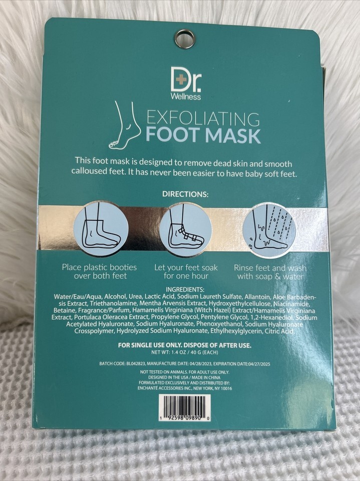 Dr. Wellness exfoliating foot mask mint scented 2 pairs-NEW!
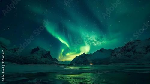 © Olivia, Naklejka premium Northern Lights (Aurora borealis) in the dark night sky
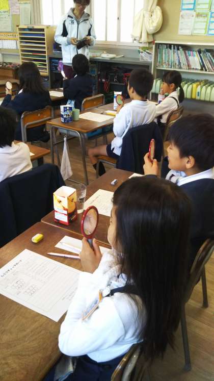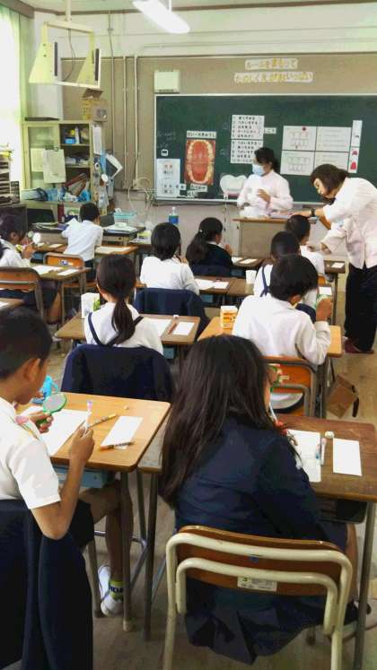 歯科衛生士さんに虫歯の原因の歯こうをきれいにおとす歯ブラシの仕方を教えていただきました。鏡を見ながら、歯こうを染めた赤い薬をちょこちょこ磨きや縦磨きをしておとしていきます。
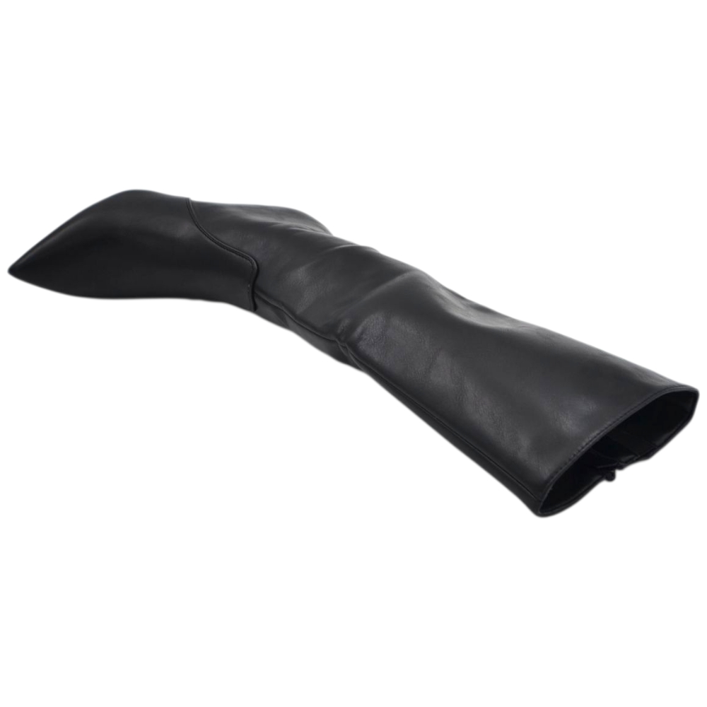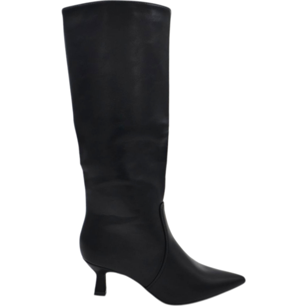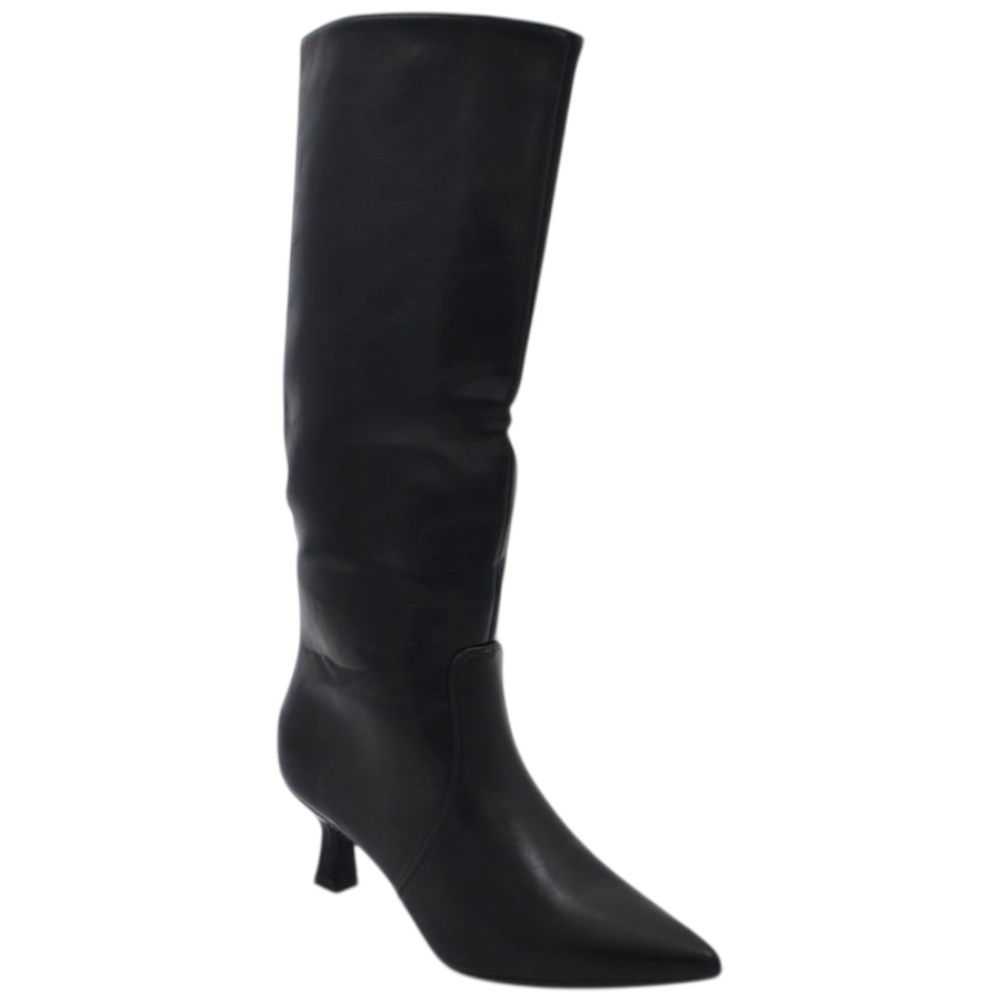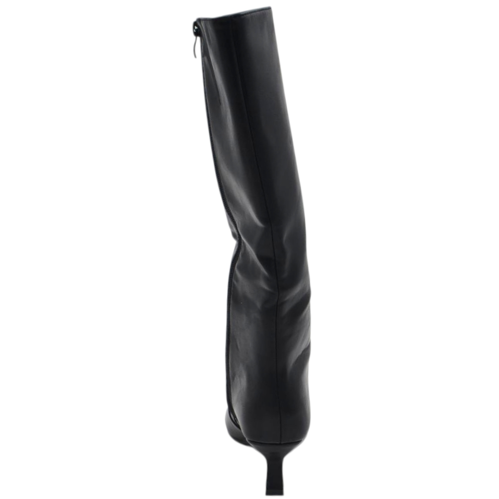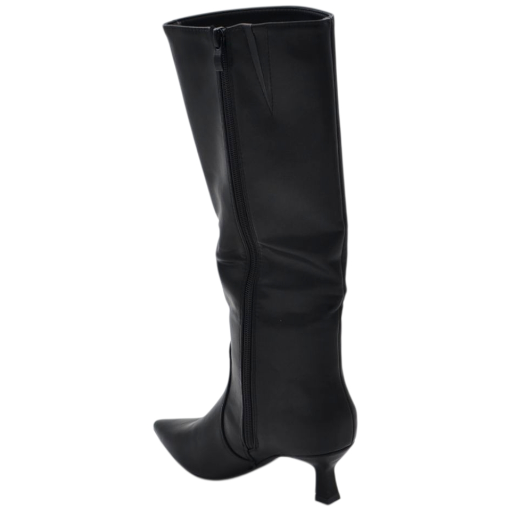 Stivali slouchy in pelle nero a punta con Tacco kitten 3 cm stiletto gambale stretto

* Work required
An exact copy of the listing is required; return it without any pictures.

* Task response
 Dr. Wellness exfoliating foot mask mint scented 2 pairs-NEW!
 © Olivia, Naklejka premium Northern Lights (Aurora borealis) in the dark night sky
 歯科衛生士さんに虫歯の原因の歯こうをきれいにおとす歯ブラシの仕方を教えていただきました。鏡を見ながら、歯こうを染めた赤い薬をちょこちょこ磨きや縦磨きをしておとしていきます。
 Stivali slouchy in pelle nero a punta con Tacco kitten 3 cm stiletto gambale stretto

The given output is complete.